Cluster Launch Control
This feature allows blocks to cancel other blocks and steal their work. It is used in a niche way to alleviate deficiencies in the GPU block scheduler for certain workloads where an highly optimized kernel A assumes ownership of all SMs, but gets thrashed by concurrent execution of another kernel B, contending for the same SMs.
The Gluon tutorial shows that you need TMA + Warp specialization + Pipelining + Block scheduling and Cluster Launch Control to match cuBLAS performance.
Thoughts
I feels to me like Nvidia on top of their uniform CUDA programming model shoehorned a bunch of asics only accessible through complex ptx instructions with obscure semantics. The premise of these features is that they speed up deep learning work loads, but also are composable enough to maybe benefit other applications. In general they seem to enable more offloading of computation from the "main thread of computation" - TMA for loads and stores and the tensor cores for MMA, so the main thread can do other useful work. This allows each GPU kernel to do more, be more programmatic and expressive, better overlap computation with communication, etc.
But the reality is that I haven't seen these features used anywhere outside of matrix multiplication and maybe flash-attention 3. The various synchronization proxies, specialized patterns of using them, and semantics makes it very difficult to target by a compiler, to paraphrase the justification for the Gluon language: the Triton compiler cannot achieve 80% of speed-of-light performance on Hopper/Blackwell (whereas before on Ampere it could). Gluon was created to offer lower-level control, but at the cost of simplicity. Their code for GEMM with all the optimizations feels like a templating language designed specifically for matrix multiplication and contraction-esque workloads. Indeed, it is hyper specialized to Nvidia and the semantics of their instructions, not as a domain specific language offering nice abstractions over the GPU but a code generator using ad-hoc python metaprogramming slightly better than C++ templates.
The lack of an uniform interface, or consistent semantics is what really irks me. Since Ampere there are at least 3 ways to synchronize asynchronous things: cp.async.commit/wait for the first generation Ampere asynchronous memory copies, mbarriers (which can also synchronize cp.async requests), fence_async_shared as a memory fence for TMA async stores. Combined with at least 3 ways of synchronizing threads: __syncthreads() & __syncwarp(), mbarriers, various atomic instructions/load instructions with their own semantics and scopes (acquire/release, thread/CTA/gpu/system). What I'm not even sure at this point is whether these instructions will ever be backwards compatible down the line, because at this point it feels like a hodgepodge that will be depreciated a few generations later, nevermind being highly Nvidia specific and therefore non-portable.
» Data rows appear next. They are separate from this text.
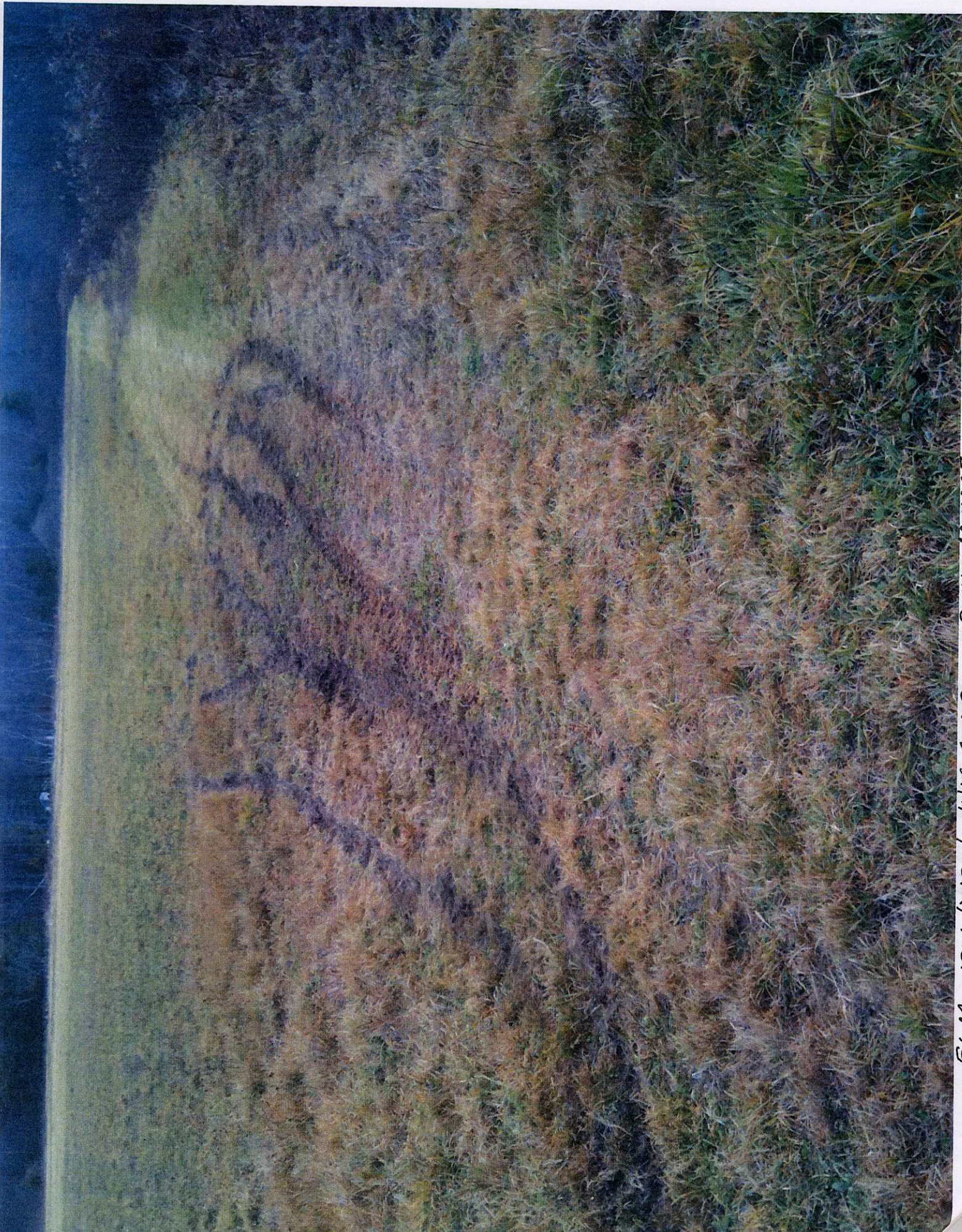
El M ... 100% + 100% ... 100% + 100% ... 100% + 100%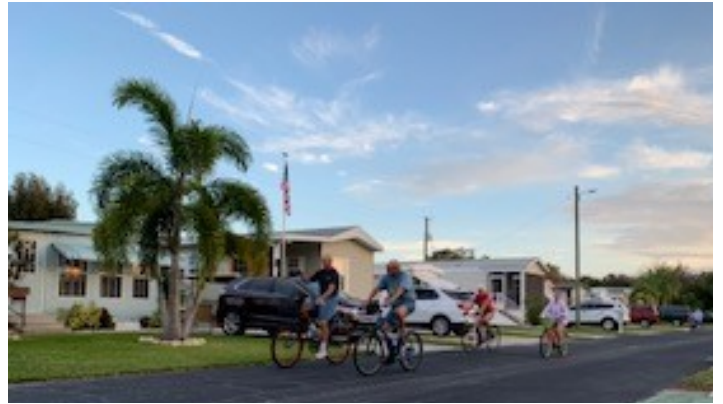
New Years Eve Bikers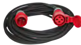
PLA-30-05 Powercable 16A/400V/4p Motor cable 16A, CEE 4p. To be used for direct controlled hoists. Available in several lengths.

This situation reminds me of CISC vs RISC back when it was relevant. CISC assumed that programmers liked writing assembly and thus made complex instructions with complex semantics, whereas what we really need and perhaps deserve is a simple instruction set with regular semantics, designed to be targetable by a compiler on a device where performance is not highly non-linear, where decent performance can be reached by a compiler with non-trivial perhaps, but not impossible optimizations. Nvidia made the common case suffer by devoting silicon to asics for matrix-like workloads - which is arguably the worst of both worlds because why not just make an asic like a TPU or something?